[libvirt RFCv4 01/20] iohelper: introduce new struct to carry copy operation parameters
Claudio Fontana
cfontana at suse.de
Fri Apr 29 09:24:29 UTC 2022
On 4/28/22 3:01 PM, Daniel P. Berrangé wrote:
> On Wed, Apr 27, 2022 at 11:13:20PM +0200, Claudio Fontana wrote:
>> this is in preparation for a minor refactoring of the copy
>> function itself out of runIO().
>>
>> Signed-off-by: Claudio Fontana <cfontana at suse.de>
>> ---
>> src/util/iohelper.c | 95 +++++++++++++++++++++++++--------------------
>> 1 file changed, 53 insertions(+), 42 deletions(-)
>>
>> diff --git a/src/util/iohelper.c b/src/util/iohelper.c
>> index 2c91bf4f93..c13746a547 100644
>> --- a/src/util/iohelper.c
>> +++ b/src/util/iohelper.c
>> @@ -45,6 +45,16 @@
>> # define O_DIRECT 0
>> #endif
>>
>> +struct runIOParams {
>> + bool isBlockDev;
>> + bool isDirect;
>> + bool isWrite;
>> + int fdin;
>> + const char *fdinname;
>> + int fdout;
>> + const char *fdoutname;
>> +};
>> +
>> static int
>> runIO(const char *path, int fd, int oflags)
>> {
>> @@ -53,13 +63,9 @@ runIO(const char *path, int fd, int oflags)

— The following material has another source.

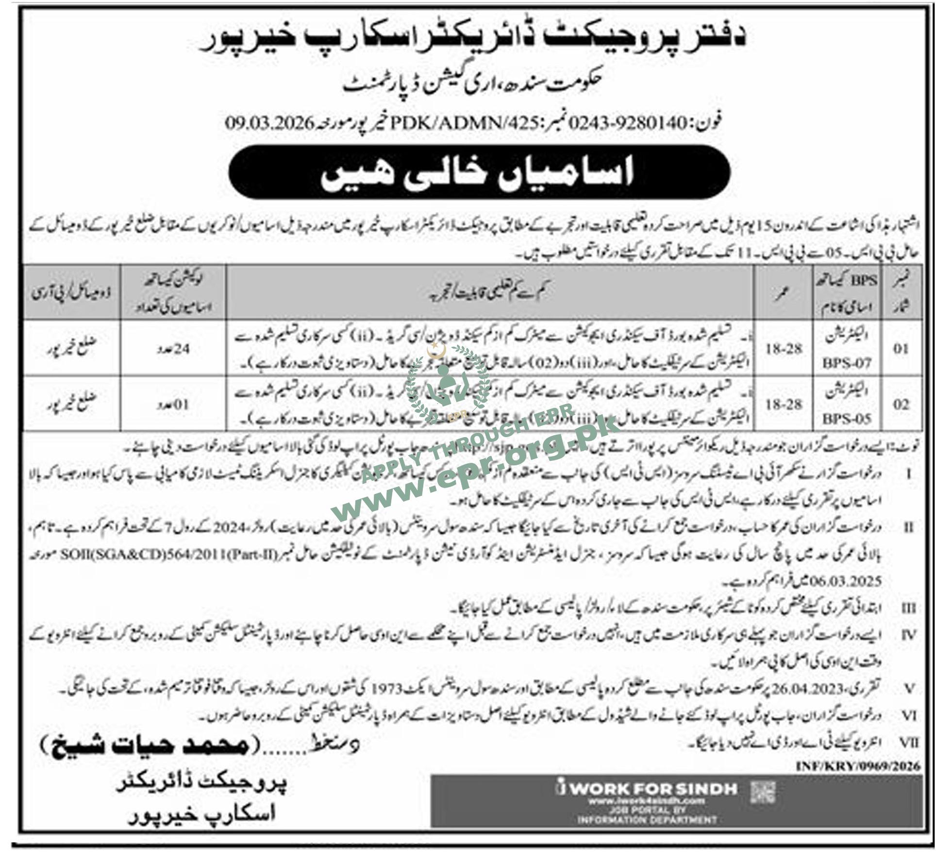 Govt. Dept : Irrigation Department (SCARP KHAIRPUR)

>> size_t buflen = 1024*1024;
>> intptr_t alignMask = 64*1024 - 1;
>> int ret = -1;
>> - int fdin, fdout;
>> - const char *fdinname, *fdoutname;
>> - unsigned long long total = 0;
>> - bool direct = O_DIRECT && ((oflags & O_DIRECT) != 0);
>> - off_t end = 0;
>> + off_t total = 0;
>> struct stat sb;
>> - bool isBlockDev = false;
>> + struct runIOParams p;
>>
>> #if WITH_POSIX_MEMALIGN
>> if (posix_memalign(&base, alignMask + 1, buflen))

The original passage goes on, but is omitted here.